(Dataset section begins)
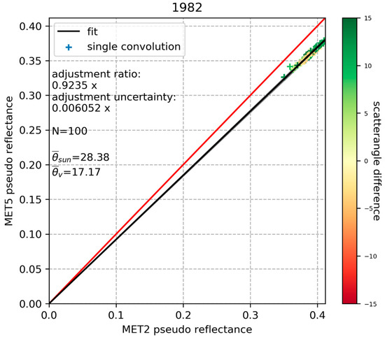 For the computation of the spectral band adjustment factors each individual SCIAMACHY spectrum is convoluted with the SRFs of the reference and the monitored sensors to obtain pseudo reflectances from these two sensors. The spectral band adjustment factors are obtained from the linear regression coefficients of the fit between the pseudo reflectances from the reference and the monitored sensor. Since the SRFs of the monitored sensors used in the MVIRI visible channel FCDR from FIDUCEO vary with time, spectral band adjustment factors needed to be calculated each time the SRF of the monitored instrument changed. An example for the adjustment of Meteosat-2 in 1982 to Meteosat-5 at launch is given in Figure 5. In order to assess the stability of the MVIRI VIS FCDR, the 1982–2006 time-series of the Zero Degree Mission (ZDM) over the validation sites (Table 4) are band adjusted to Meteosat-5 as a reference sensor.
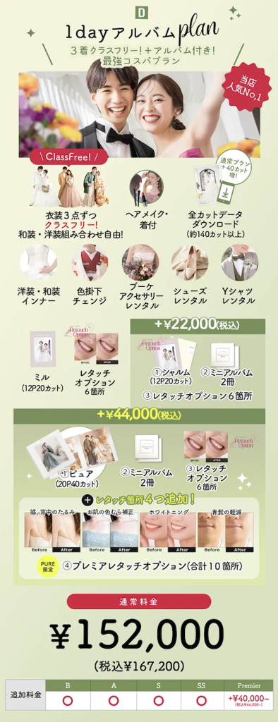1dayアルバム plan: 152,000円(税込167,200円)〜
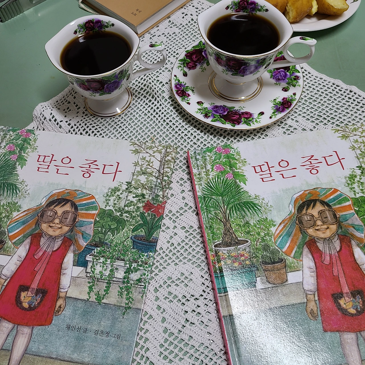 반찬 만들었으니 가지러 오라고 해서 들른 평일 오후. 바로 일어서려는데, 사 온 도넛을 먹고 가라 한다. 온 김에 책 사진 찍어야겠다. 엄마, 예쁜 커피잔 없어? 넌 참 유난이다 하면서, 이여사는 꽃무늬 커피잔을 꺼내 온다. 바닥에 뭘 좀 깔고 찍으라며 손수 뜬 깔개를 펼쳐 든다.
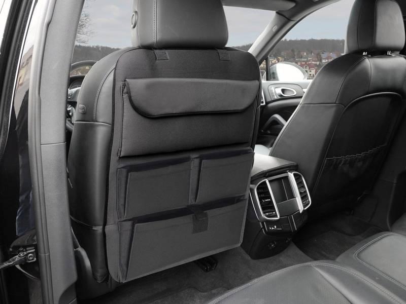 Organizér k připevnění na zadní stranu předního sedadla s možností upevnění tabletu. Upevnění horní části pomocí popruhů za opěrku hlavy, spodní části…
(Dataset section ends)
What to produce: Output the data above exactly. Drop every picture.

Finished exercise:
 For the computation of the spectral band adjustment factors each individual SCIAMACHY spectrum is convoluted with the SRFs of the reference and the monitored sensors to obtain pseudo reflectances from these two sensors. The spectral band adjustment factors are obtained from the linear regression coefficients of the fit between the pseudo reflectances from the reference and the monitored sensor. Since the SRFs of the monitored sensors used in the MVIRI visible channel FCDR from FIDUCEO vary with time, spectral band adjustment factors needed to be calculated each time the SRF of the monitored instrument changed. An example for the adjustment of Meteosat-2 in 1982 to Meteosat-5 at launch is given in Figure 5. In order to assess the stability of the MVIRI VIS FCDR, the 1982–2006 time-series of the Zero Degree Mission (ZDM) over the validation sites (Table 4) are band adjusted to Meteosat-5 as a reference sensor.
1dayアルバム plan: 152,000円(税込167,200円)〜
 반찬 만들었으니 가지러 오라고 해서 들른 평일 오후. 바로 일어서려는데, 사 온 도넛을 먹고 가라 한다. 온 김에 책 사진 찍어야겠다. 엄마, 예쁜 커피잔 없어? 넌 참 유난이다 하면서, 이여사는 꽃무늬 커피잔을 꺼내 온다. 바닥에 뭘 좀 깔고 찍으라며 손수 뜬 깔개를 펼쳐 든다.
 Organizér k připevnění na zadní stranu předního sedadla s možností upevnění tabletu. Upevnění horní části pomocí popruhů za opěrku hlavy, spodní části…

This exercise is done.